42. Wenn sie kein Brot haben, dann sollen sie doch Kuchen essen
Marie Antoinette (1755 - 1793)
 

Vieles, was man über sie erzählte, entsprach den Tatsachen. Sie war kein Engel und hatte keinen besonders guten Charakter. Doch letztlich waren es dreiste Lügen, die zu ihrem tragischen Ende beitrugen. Aber in ihrer Not, in ihren bittersten Stunden beeindruckte Marie Antoinette dann selbst ihre Feinde durch Würde und Haltung.

Die jüngste Tochter der Kaiserin Maria Theresia besaß weder Herzenswärme noch erfuhr sie eine Erziehung, die diese womöglich gebildet hätte. Nach dem Motto »Krieg führen lasse die anderen, du, glückliches Österreich, heiratel- war auch der kleinen Maria Antonia Josepha Johanna, die alle nur Antoinette nannten, kein anderer Weg vorgezeichnet, als der eines dem Hause Habsburg gemäßen Lebens voller Macht und Prunk. Der passende Gemahl fand sich, als Frankreich sein noch junges Bündnis mit Österreich festigen wollte und der mächtige französische Minister Choiseul - einst Günstling der Madame de Pompadour - anregte, den jungen Dauphin und späteren Ludwig XVI. mit einer Tochter des österreichischen Herrscherhauses zu vermählen.

Als die erst 14-jährige Antoinette ausgewählt wurde, erkannte man am österreichischen Hof bestürzt, dass man die Erziehung der späteren Königin von Frankreich und künftigen Hausherrin von Versailles bis dahin grob vernachlässigt hatte. Ein Intensivkurs versuchte die offenkundigsten Mängel zu beheben, immerhin war Versailles das Vorbild des Zeremoniells und der Etikette an den Höfen Europas. Doch Lücken blieben. Antoinette, von hübschem und kapriziösem Wesen, war launenhaft, oberflächlich und unkonzentriert. Lediglich die Musik vermochte zeitweise ihre Aufmerksamkeit zu fesseln.

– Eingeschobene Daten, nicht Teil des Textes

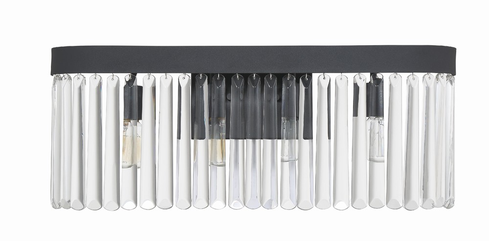 Art deco design is exemplified in this Emory collection bathroom vanity. The collection features a row of smooth glass prisms hanging from a steel frame. Both the Black Forged and Modern Gold finishes, add all the sparkle and glamour you need in a fixture.

Einmal musizierte sie mit dem jungen Mozart.
Im Mai 1770 traf die verwöhnte Halbwüchsige in Frankreich ein und wurde mit dem gutherzigen, doch trägen und dicklichen 15-jährigen Dauphin vermählt. Rasch verfing sich die kokette Prinzessin im engmaschigen Intrigennetz des französischen Hofes. Da längeres Nachdenken und diplomatische Finesse nicht zu ihren Wesenszügen gehörten, machte sie sich weder beliebt noch konnte sie Anerkennung gewinnen. Alles, was sie tat, schien sich nur um ihre eigene enge Welt zu drehen, wirkte oberflächlich, war verschwenderisch. Marie Antoinette frönte dem Glücksspiel und zeigte keinerlei Interesse für das Volk.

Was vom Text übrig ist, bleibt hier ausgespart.